Before that can happen, however, graph database technology needs to address some of its biggest challenges. Standardizing elements across different healthcare terminologies, such as ICD-10, LOINC, CPT, and SNOMED, is problematic for most health IT applications, even the most advanced EHR systems. The same basic interoperability concerns apply to graph databases, Aasman and Mirhaji acknowledged.

Additionally, in order to use a semantic data lake for meaningful population health management, users must also be able to get answers to queries that may include multiple events that take place at different times, in specific locations, or in certain sequences.

The system must be able to incorporate temporal reasoning that arranges events in relation to one another, Mirhaji explains. “Some events happen within the other, one after the other, or overlap in duration of the other. There are meaningful inferences to be made if you know how exactly these events are temporally arranged.”

“Geospatial relationships are another thing that require a specialized approach,” he added. “Combining time and space is especially important for community-based population health management. Behavioral data, mobility questions, and health disparities all require tracking where and when an event takes place. We cultivate our data in such a way that it knows how to account for the temporal and geospatial relationships between events.”

Much of this cultivation happens at the hands of dedicated human curators, who help to ensure that information entering the system is complete and accurate, as well as detailed and uniform enough to mesh with existing datasets.

“We have developed a methodology for curating and harmonizing all of this data,” says Mirhaji. “It’s a process and a tool that does almost 60 to 65 percent of the job when it comes to connecting and identifying the elements, capturing and mapping their terminologies, and resolving their redundancies.
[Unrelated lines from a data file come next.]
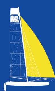
Nacra 17 Foilande (MIX) 2 PERSONER FLERSKROV LÄNGD 5.25m
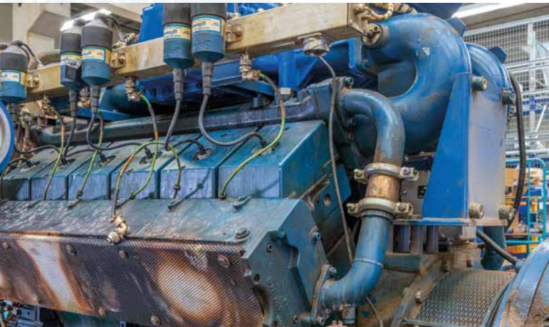
Vor der Instandsetzung

Der MWM Service bietet generalüberholte X-Change Aggregate für den TCG 2016 und TCG 2020 nach aktuellen Herstellervorgaben und zu attraktiven Festpreisen an.
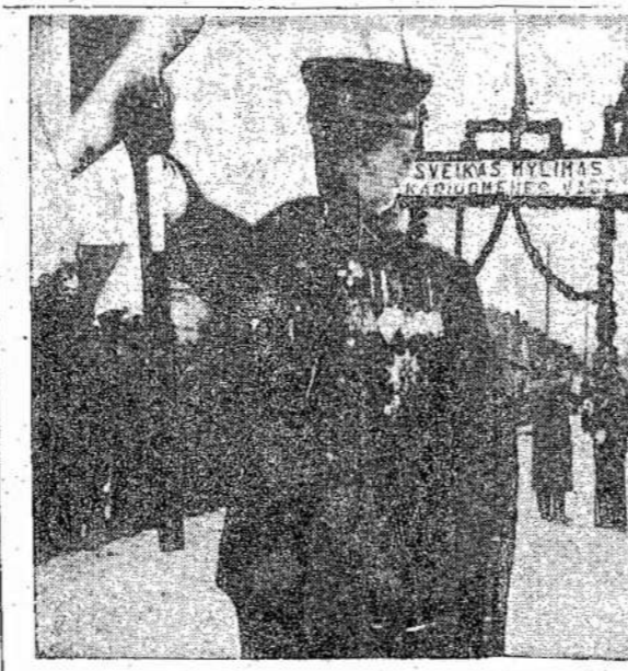
Generolas Raštikis, prieš Smetonos valdžios buvęs kariuomenės vadas, įteikia vėliavą šauliams. Šauliai prieš Smetonos buvo Lietuvos kariuomenės vadas, įteikia vėsmogikali.

Jungtinių Tautų organizacija užbaigė savo posėdžius ir dabar susirinks tiktai rudenį. Laikina buveine bus New York, kur ji ir susirinks sekantiems posėdžiams.
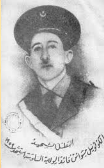
Colonel Si El-Haoues
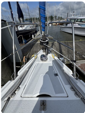
Targa 9.60m FOXY LADY 30
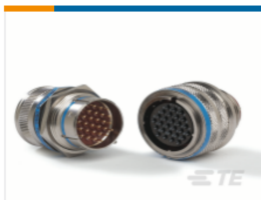
TE 产品编号ZPF00000000013276 DBAS 76-37-0 SN 059
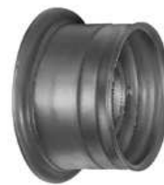
Ráfek bez zajišťovacích kruhů pro montáž superelastických kol FIX
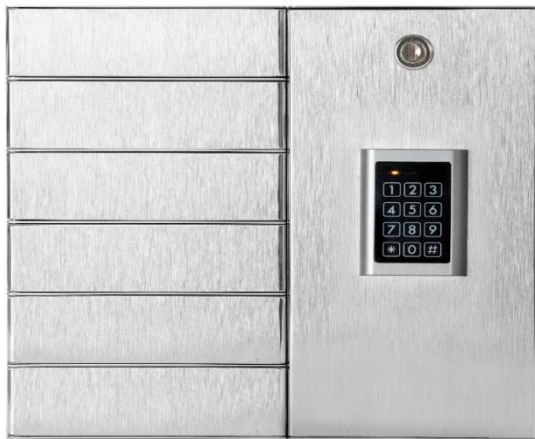
Netkeybox 3006 A
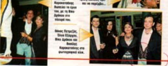
Η Γαμήλι με... Ο βασιλιάς της Βουλγαρίας...

One of the big problems we face is the issue of making sure that we have a reliable master patient index, and that we can accurately identify events by patient.”

“The tool, which we call the ‘interrogator,’ helps us annotate the data with many different meta-elements. That helps us deal with the quality aspect of the data. When you start creating such a big data forest, you really want to make sure that you can pull only relevant data – not all related data – to answer a specific query. So we have created quality measures for our data, and we can annotate that, as well.”
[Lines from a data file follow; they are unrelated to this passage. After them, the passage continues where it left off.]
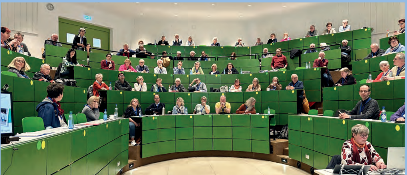
Volles Haus bei der Mitgliederversammlung des CIV-BaWü
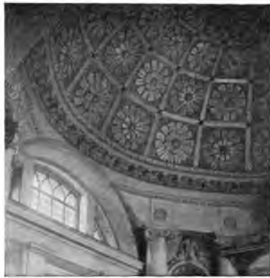
Купол церкви в „Покровском“.
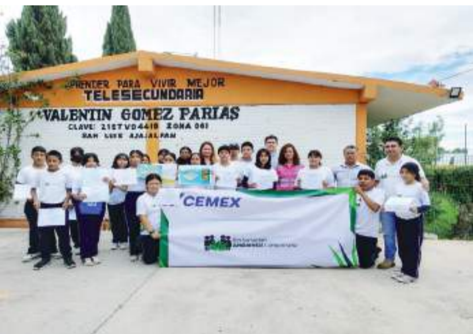
MONTERREY.- Desde 2013, CEMEX, a través de su Programa de Restauración Ambiental Comunitaria (PRAC), ha capacitado a casi 4,000 jóvenes promotores para la promoción de prácticas sostenibles en sus comunidades.
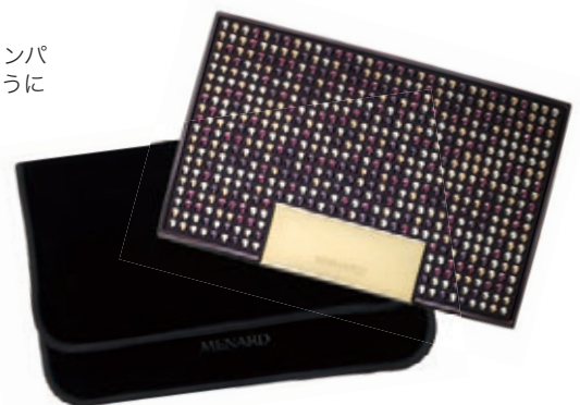
■画像、イラストはすべてイメージです。
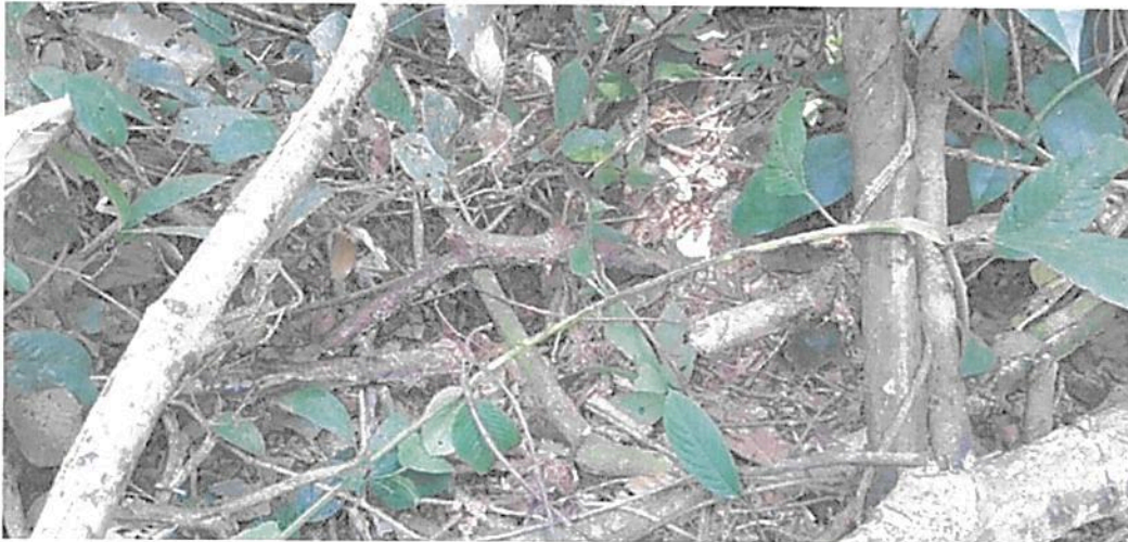
Figura 6. Madriguera inactiva de gurre registrada en la RNSC "MESÓN".

Para el grupo de las aves se reportan 55 especies; "las especies más comunes fueron Milvago chimachima , Ortalis gutata , Cyanocorax violaceus , Penelope jacquacu , registrados durante el recorrido, generalmente estas especies son comunes en boques húmedos en estados óptimos de conservación. De acuerdo con el listado de la UICN (2001) la gran mayoría de las especies están dentro de la categoría de menor preocupación (LC). Según las listas rojas de la UICN (Unión Internacional Para la Conservación de la Naturaleza)".
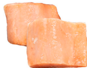
cod. 664256 Salmón Lomo Porción 80-120g 6Kg
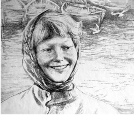
Іл. 2. Із циклу «Рибалки Азова». Кулькова ручка . 40,5х38,5. 1985

філософське трактування сцени обрізання коси – символу гордості та жіночої вроди.

“We need human curators to describe data in terms of what the data means at the source. And that’s all they do. They do not define structure; they do not map to a schema. They just describe data as it is at the source: the data has these timestamps; it has these controls; this quality; these are the people that can access this data. Our curators do all of these annotations, and then once it’s done, the future imports will be almost automatic.”

As cognitive computing tools evolve and become increasingly sophisticated, organizations like Montefiore hope to closely integrate natural language query capabilities into everyday clinical care. The possibilities for extracting actionable population health management and precision medicine insights from this vast and malleable treasure trove of big data are nearly infinite – if developers and data scientists find intuitive and user-friendly ways of deploying their tools into clinical workflows.

Data forests will continue to grow in complexity and usefulness as developers pursue the most impactful methods of using big data analytics to further strategic goals like accountable care and population health. With personalized care, predictive analytics, and tailored insights on the wish-list for the majority of healthcare providers, semantic graph databases may provide an intriguing avenue forward into the uncharted waters of data-driven, quality care.